I assume to be down voted to oblivion, but I do business automation and integration for living, and at the same time I am scared and excited.
I was thinking about this, but I don’t know what the plan us for annotating new flows with descriptions of the actions. There’s no point in learning how to send an email or open a webpage, that’s already easy. The value is in a database of uncommon interactions, but it’s only valuable if there is a description to train on.
Automation suites exist and they are very much tuned to the individual apps. It seems giving ML an OCR readout of a page is not enough for it to know what it should do (accurately). We have had a training set for “booking flights on a browser” for about 6 years now and no one has figured out how to have it disrupt automated testing: https://miniwob.farama.org/
Lmao do you have any idea how quickly that’s going to go off the rails? They’re going to get into a hallucination feedback loop, which will destroy the integrity of their systems and processes, and they’ll richly deserve it.
At any rate, most highly-effective technical teams have already automated the shit out of all their rote operations without using ML.

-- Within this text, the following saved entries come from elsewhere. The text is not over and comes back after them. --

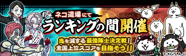 ネコ道場「ランキングの間」にてコラボ期間限定のランキングイベント「特別招集!最強隊士決定戦」を開催いたします。アニメ「鬼滅の刃」のキャラクターが多数登場する腕試しイベントとなっております。
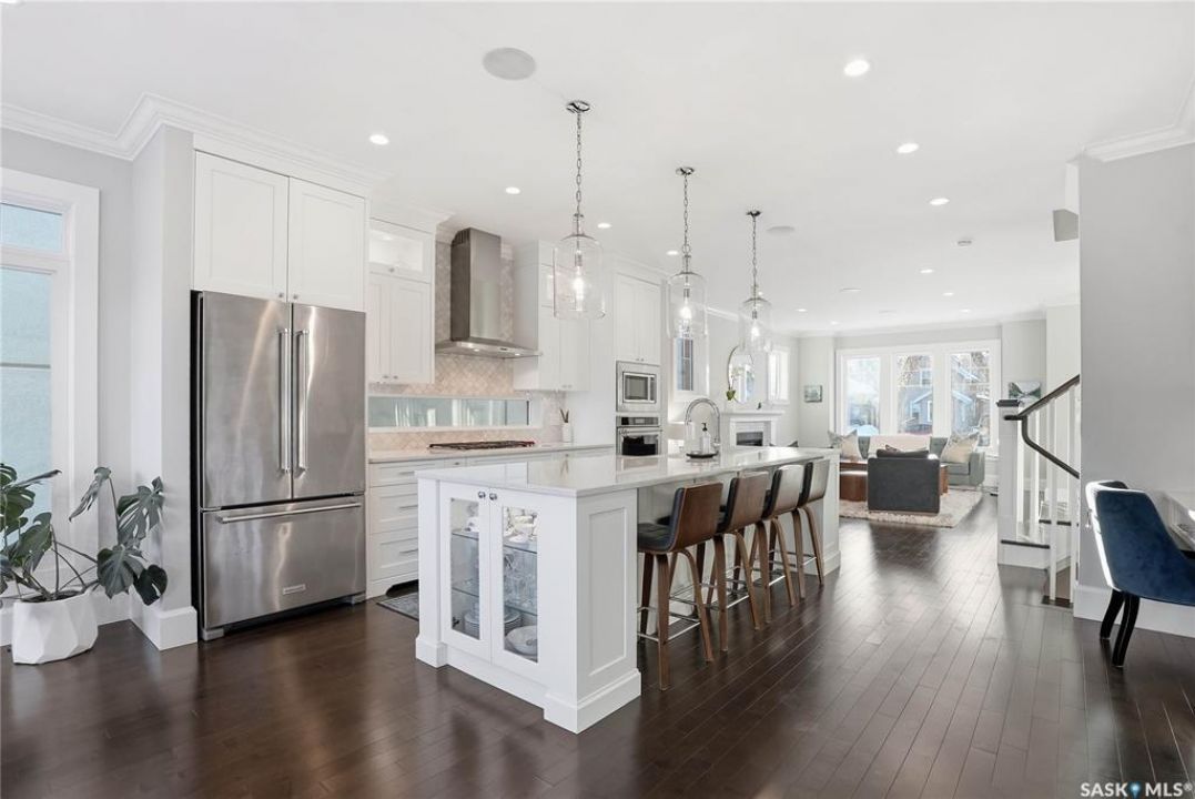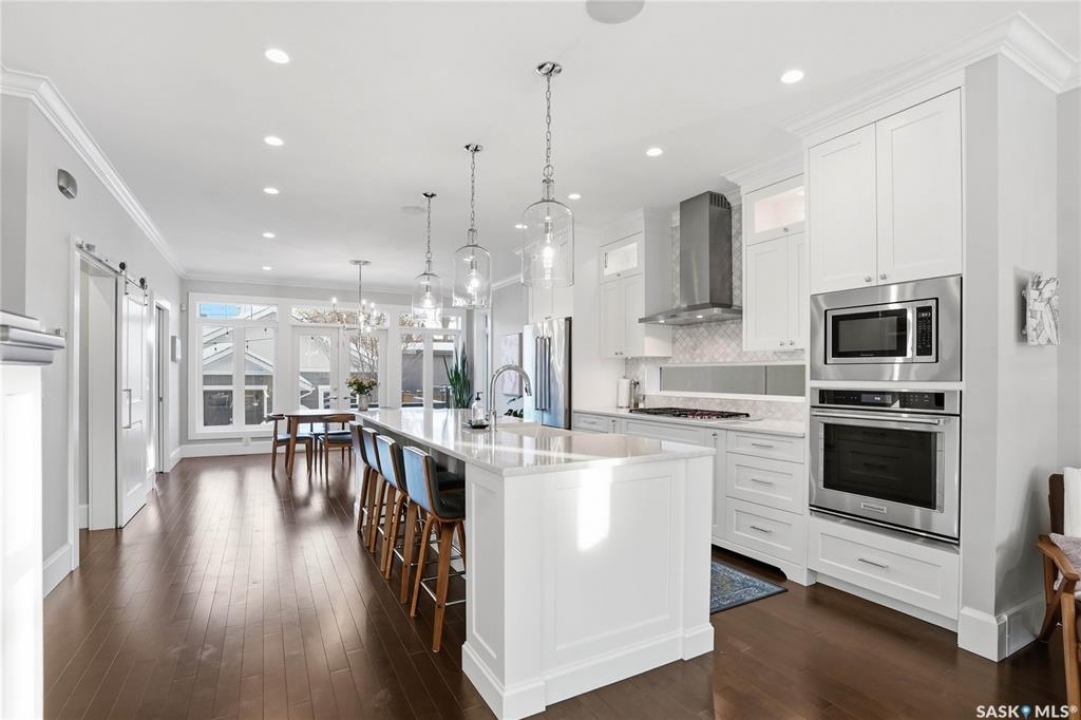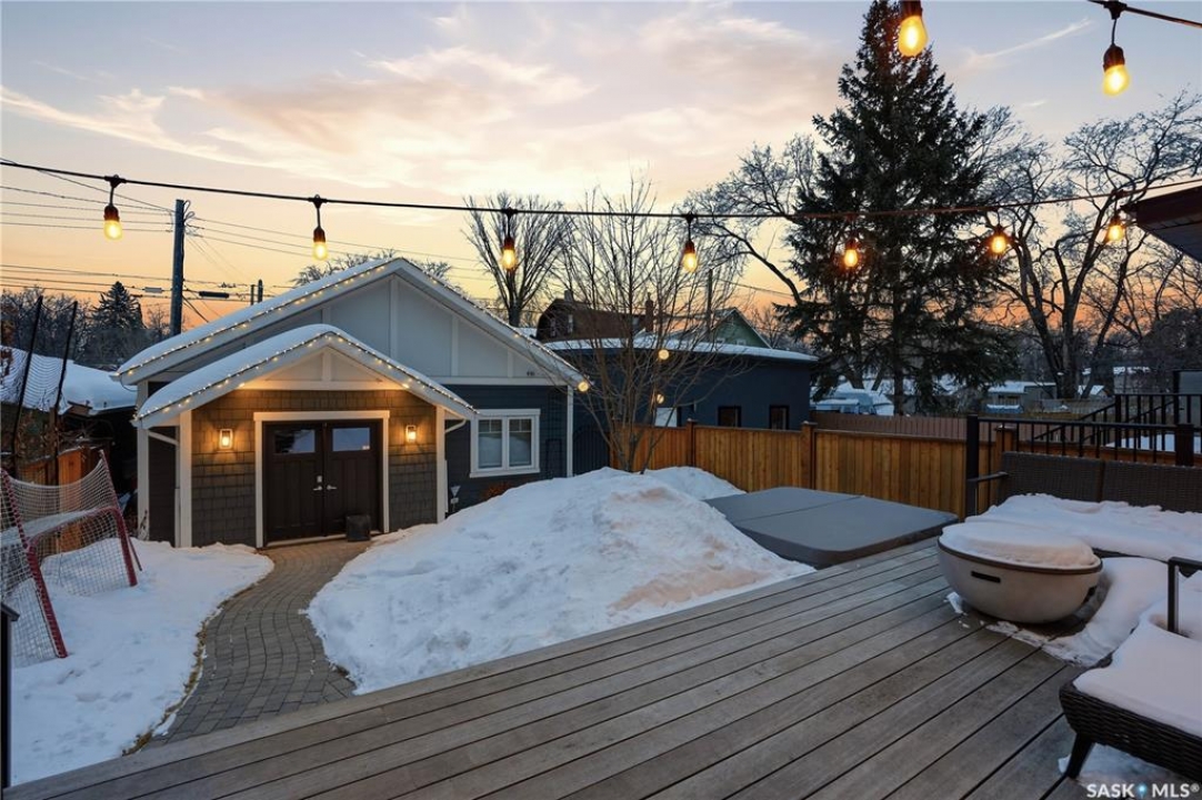 Welcome to 511 Lansdowne Avenue — a beautifully designed 5 bedroom, 4 bathroom home located in the heart of Nutana, offering exceptional space, comfort, and high-end finishes custom built by Haven & Co. Inside, 9-foot ceilings on both the main floor and basement create an open, airy feel throughout. The main living areas flow into a well-appointed kitchen featuring a 5-burner gas cooktop and large walk-in pantry, ideal for everyday living and entertaining. Gas fireplaces in both the main living room and downstairs family room add warmth and comfort. Upstairs laundry adds convenience, while heated tile flooring in the bathrooms and mudroom brings an added level of comfort. Automatic electric blinds and a 4-zone HiFi audio system with AirPlay add thoughtful modern convenience throughout the home. This home includes a long list of upgrades, including a 3-zone furnace with central air conditioning, on-demand hot water with recirculating pump, and a 200-amp electrical panel with service to the garage. A 5kW grid-tied solar system helps improve energy efficiency. Outside, the professionally landscaped yard is designed for both function and relaxation. Enjoy a high-end epay wood deck with custom privacy wall and hot tub, paving stone walkways, underground sprinklers with WiFi controller, and cedar fencing. The heated garage is equally impressive, featuring in-floor radiant heat with fan coil supplied by a boiler system, an in-slab floor drain, oversized 18' x 9' insulated garage door with side-mount opener, and built-in ladder access to the large attic storage space. Located just a few blocks from the South Saskatchewan River and Saskatchewan Crescent East, with easy access to Broadway, downtown, the University of Saskatchewan, Saskatoon City Hospital, Royal University Hospital, & Jim Pattison Children's Hospital. Offering quality finishes, extensive upgrades, and exceptional attention to detail throughout - don't miss the opportunity to make it yours!
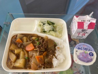 本日の献立 ビーフカレーライス(米粉 使用)、野菜のピクルス、ぶどうゼリー、牛乳
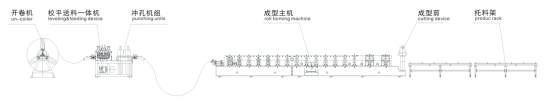開卷機(jī)---較平一體機(jī)---沖孔----成型機(jī)組----成型剪-----放料架
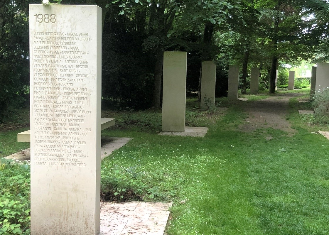 Khu vườn tưởng niệm gồm 27 bia đá khắc tên gần 2.500 phóng viên khắp thế giới đã hy sinh từ năm 1944 đến nay. Hy sinh vì sứ mạng đưa tin của họ. Ảnh: HĐT
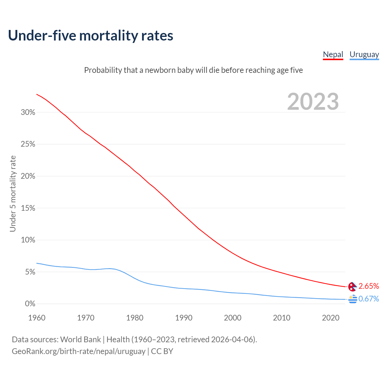 The chance that a newborn baby will die before reaching age five is 2.65% in Nepal and 0.67% in Uruguay. Above is a chart with historical data on under-five mortality rates.
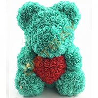 Мишка из роз 3D 40см (Бирюзовый) с сердцем
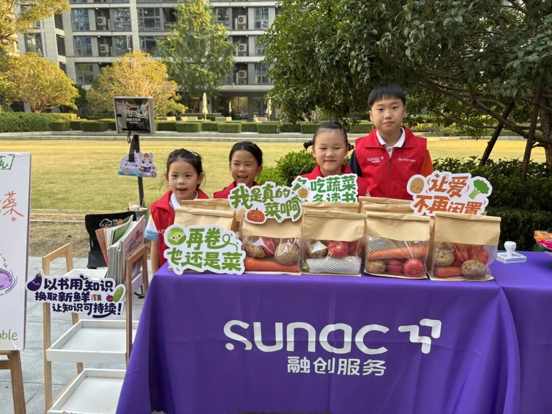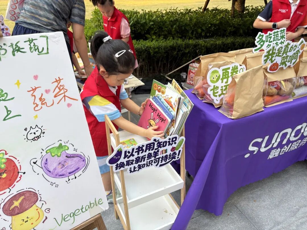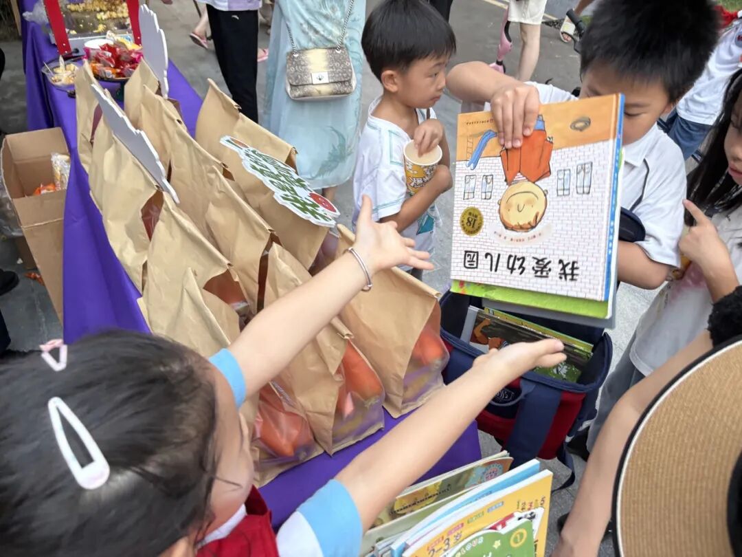 伴随着业主们的热情参与,现有的捐赠的书籍陆续开启了漂流旅程。为保证活动的持续进行并引导业主积极参与社区共建,“以书换蔬”活动从墙上搬到了现实,这次中秋节招募了换书摊位的小小店长,与小业主共建活动场景,现场孩子们带着精心挑选的绘本和名著,换回了新鲜的蔬菜,脸上洋溢着双份的喜悦。
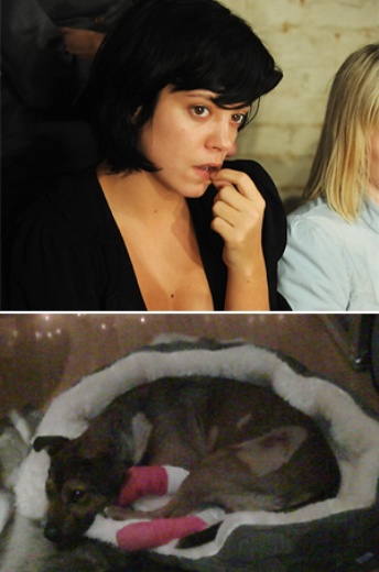 Популярная британская певица разместила в своем блоге на сайте Twitter фотографию израненной собачки по кличке Мэйбл. Бедное животное лежит в своей корзинке, и мы можем увидеть, что у собаки перевязаны лапы. Оказывается, Мэйбл подверглась нападению.

Absolutely. Corporations - at least, shitty ones (most of them) - are absolutely salivating at using this. They want to be able to see and easily summarize eeeeeeverything you’re doing.
Some are absolutely already using a form of this. It’s not a hypothetical - this is currently happening and many want way way more.
They’ll just keep it shut off. It’s not a requirement.
Unfortunately most large organizations are running on enterprise releases that only lay down minimal software. Plus IT depts have heavily maintained images that immediately shuts off anything that sneaks in. Help desk is just going to disable the feature before slapping the company background image and VPN on it and giving it to standard users. They will make a ton of money in the short term and EOL the operating system when it’s no longer profitable and Linux is the default (decades from now). AOL is still out there
They didn’t have it set up to be easily disable-able, as far as I understand it.
I’ve thought this ever since Windows 8 (and when I went from dual-boot to Linux only). In retrospect, at least Ballmer treated Windows like a PC operating system.
Ever since Nadella took over, it seems like MS is trying to turn Windows into ChromeOS but for Microsoft’s cloud services. Pretty sure they want PCs to be thin clients tied to subscriptions. No fucking thanks.
Windows 8! Haha! Ahh, I’d call it the “New Coke” of Windows but that probably wouldn’t help anyone who wasn’t there.
You know it’s bad when ballmer seems to be the rational person
Oh, absolutely lol. Definitely one of those cases where you didn’t know what you had until it’s gone.
No they’re simply trying to emulate Google and Facebook by becoming data gatherers and hoarders. They’ve been jealous of how much data other companies have gathered about people, and then realized they could easily do the same.
I think you might be bit underestimating how much data Microsoft actually already has. They have just being better of keeping it to them self. MS from these three is the only one who is not an ad company, so they don’t have to sell the data to 3rd parties to be profitable. They can just hoard the data, bit like Amazon+AWS.